ACTIVITY: In the material below, find the line containing "geneticky nemodifikované sóji." and output it and all lines after it exactly, through the last one, without the pictures.

INPUT DATA:
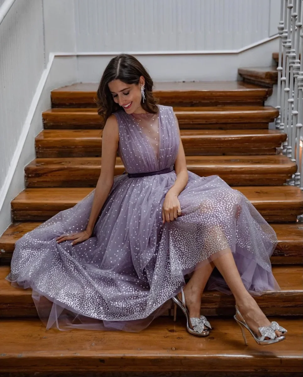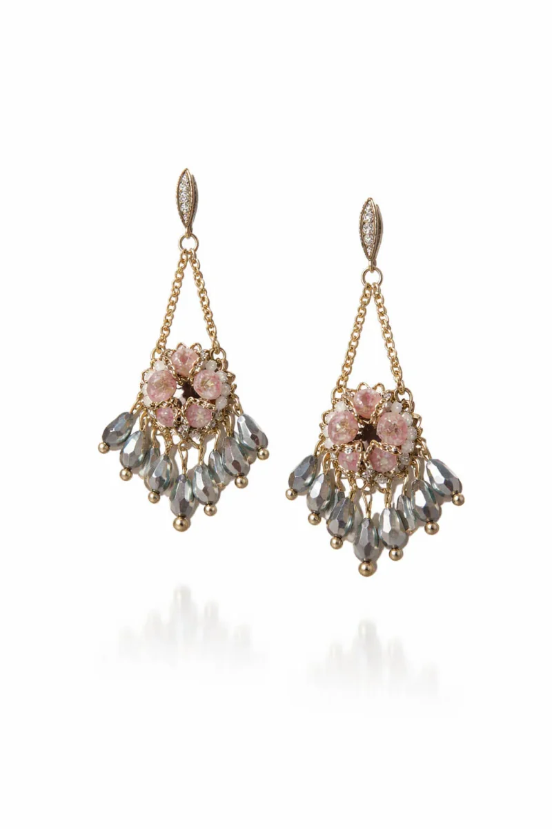 Pendientes cadenita cristales gris/lavanda OUTLET
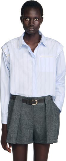 Striped shirt with contrasting edges, featuring a slightly rounded shirt collar, hidden button placket, and shoulder buttons to reveal the shoulders.
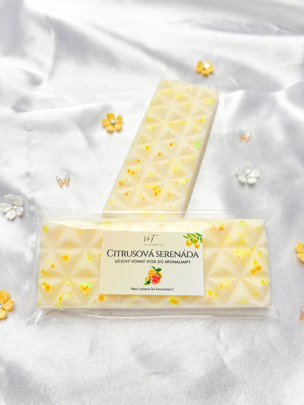 • Používáme 100% sójový vosk, který je veganský a cruelty-free. Neobsahuje palmový olej, parafín, herbicidy, pesticidy, konzervační látky. Je získáván z geneticky nemodifikované sóji.
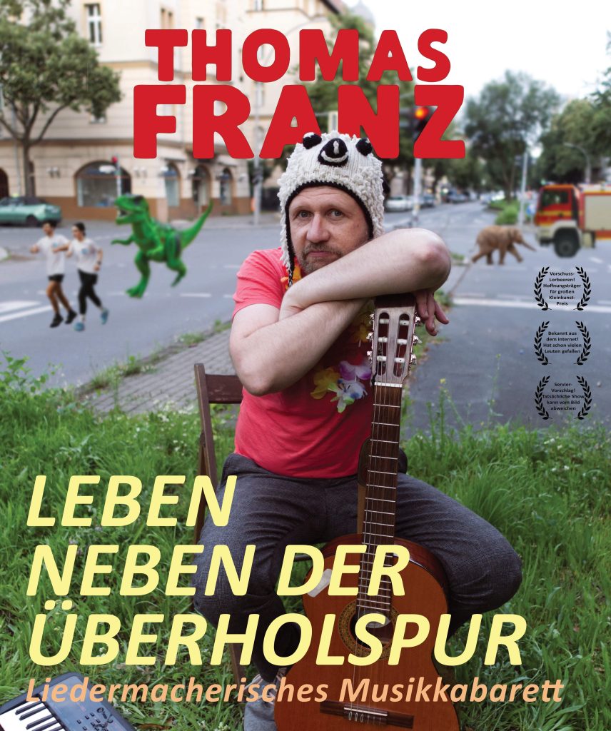 Am liebsten sitzt Franz auf dem Grünstreifen. Doch er ist nicht einfach nur neben der Spur – Thomas Franz ist neben der Überholspur! Seine Themen sind so drängend wie eine Lichthupe, seine Beobachtungen so scharf wie die engste Kurve, seine Einsichten so überraschend wie ein Blitzer. Seine Fragen dagegen sind wie Verkehrskontrollen: sie lassen uns innehalten. Sind wir nicht alle einfach nur Säugetiere? Bringt eine Currywurst schlechtes Karma? Warum steckt das Bienenhotelgewerbe in der Krise? Und was tun, wenn auf einmal Vampire angreifen? Das Ergebnis seiner Exkursionen präsentiert Franz nun in seinem neuen Programm. Es sind Lieder über das Wundern und Phantasieren – direkt gegriffen aus dem Leben neben der Überholspur.

ANSWER TO THIS PROBLEM:
 • Používáme 100% sójový vosk, který je veganský a cruelty-free. Neobsahuje palmový olej, parafín, herbicidy, pesticidy, konzervační látky. Je získáván z geneticky nemodifikované sóji.
 Am liebsten sitzt Franz auf dem Grünstreifen. Doch er ist nicht einfach nur neben der Spur – Thomas Franz ist neben der Überholspur! Seine Themen sind so drängend wie eine Lichthupe, seine Beobachtungen so scharf wie die engste Kurve, seine Einsichten so überraschend wie ein Blitzer. Seine Fragen dagegen sind wie Verkehrskontrollen: sie lassen uns innehalten. Sind wir nicht alle einfach nur Säugetiere? Bringt eine Currywurst schlechtes Karma? Warum steckt das Bienenhotelgewerbe in der Krise? Und was tun, wenn auf einmal Vampire angreifen? Das Ergebnis seiner Exkursionen präsentiert Franz nun in seinem neuen Programm. Es sind Lieder über das Wundern und Phantasieren – direkt gegriffen aus dem Leben neben der Überholspur.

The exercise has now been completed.